Drew Brees and his wife bought millions of dollars worth of jewelry that a San Diego merchant assured them would appreciate in value. Instead, the Saints quarterback alleged in a recent lawsuit, he later discovered he was vastly overcharged for the items, and he wants at least $9 million in damages.
Brees and his wife of 15 years, Brittany, reportedly filed the lawsuit Monday in California Superior Court against Vahid Moradi of CJ Charles Jewelers. Moradi had become close to the Breeses while the quarterback spent the early part of his career playing for the Chargers, who moved from San Diego to Los Angeles last year.
The relationship continued after Brees joined the Saints in 2006, and from 2012 to 2016, the lawsuit alleged, he and his wife spent approximately $15 million on diamonds as investments. Those purchases included a blue diamond ring for which Moradi charged nearly $8.2 million, and which an expert appraiser subsequently told the couple was worth closer to $3.6 million.
That appraiser, hired by the Breeses after their financial adviser suggested they submit their diamonds for an independent evaluation, said they had been overcharged by a total of around $9 million.
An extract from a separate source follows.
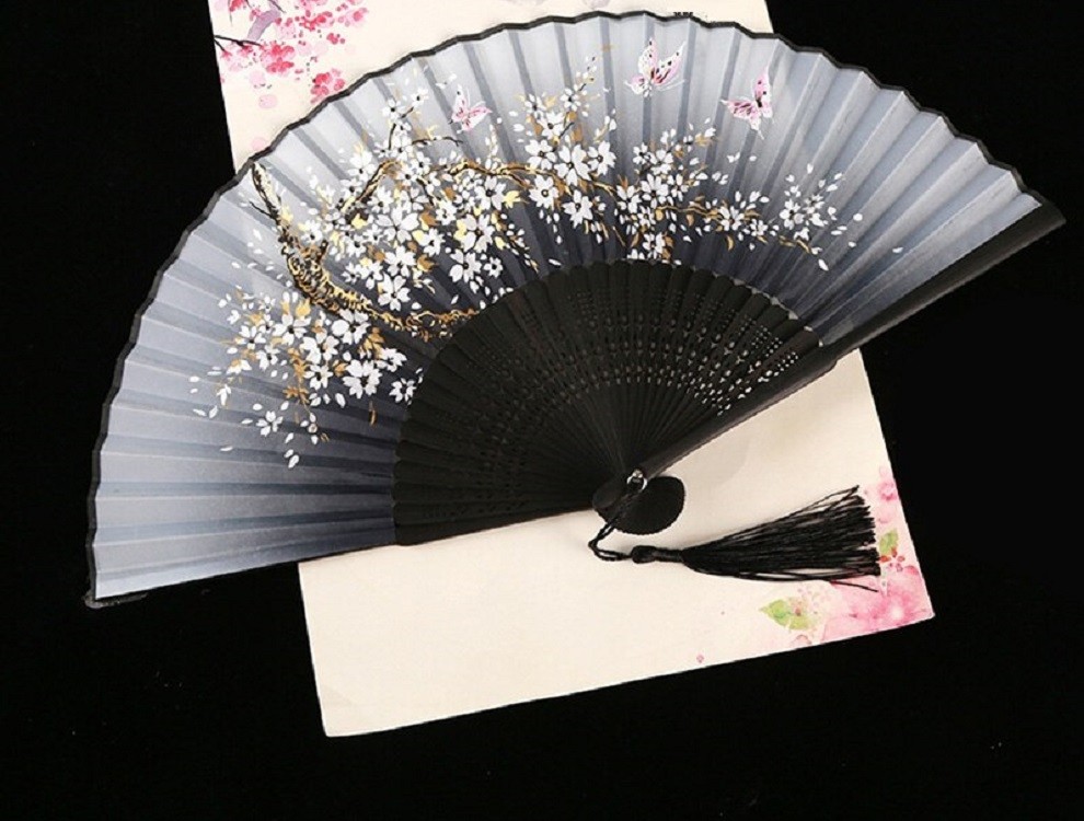Ιαπωνικός ανεμιστήρας με μοτίβο λουλουδιών

The lawsuit claimed that after being confronted by Brees, Moradi admitted to selling the diamonds at “a substantial markup” but pointed to a market that was as “weak as it has ever been.”
“Moradi insisted unabashedly that he had done nothing wrong because he charged plaintiffs the price at which Moradi expected the jewelry could be resold in 10 to 15 years because Moradi knew [the Breeses] wanted a ‘long-term investment,’ ” the lawsuit stated (via The Advocate).
“Drew Brees aggressively purchased multimillion dollar pieces of jewelry. Years later, claiming to suffer ‘cash flow problems,’ he tried to bully my client into undoing the transactions,” Moradi’s attorney, Eric M. George, said Tuesday in a statement (via TMZ Sports).
“Mr. Brees’s behavior and his belief that he was wronged because the jewelry did not appreciate in value as quickly as he hoped both demonstrate a lack of integrity and contradict basic principles of both economics and the law.”
The lawsuit accused Moradi of fraud, breach of contract and financial responsibility, as well as violations of California business regulations. The Breeses are also seeking repayment of $244,000 they said they wired to Moradi for a watch they ultimately decided not to purchase, while he allegedly said he would apply the amount as a store credit.
Brees said Moradi was recommended to him in 2003 by a friend in San Diego, after the quarterback expressed interest in watches that he could wear but which would also increase in value over time. Brees and his wife then began buying watches and other items, both for themselves and as gifts, over a period of several years from Moradi.
According to the lawsuit, Brees became interested in the investment diamonds as “an extravagant gift” for his wife as their 10th anniversary approached. The 2009 Super Bowl MVP and 11-time Pro Bowler signed a two-year, $50 million contract with the Saints last month, a pact set to push him well over $200 million in earnings over an NFL career that began in 2001.
“He should restrict his game-playing to the football field,” George said of Brees, “and refrain from bullying honest, hard-working businessmen like my client.”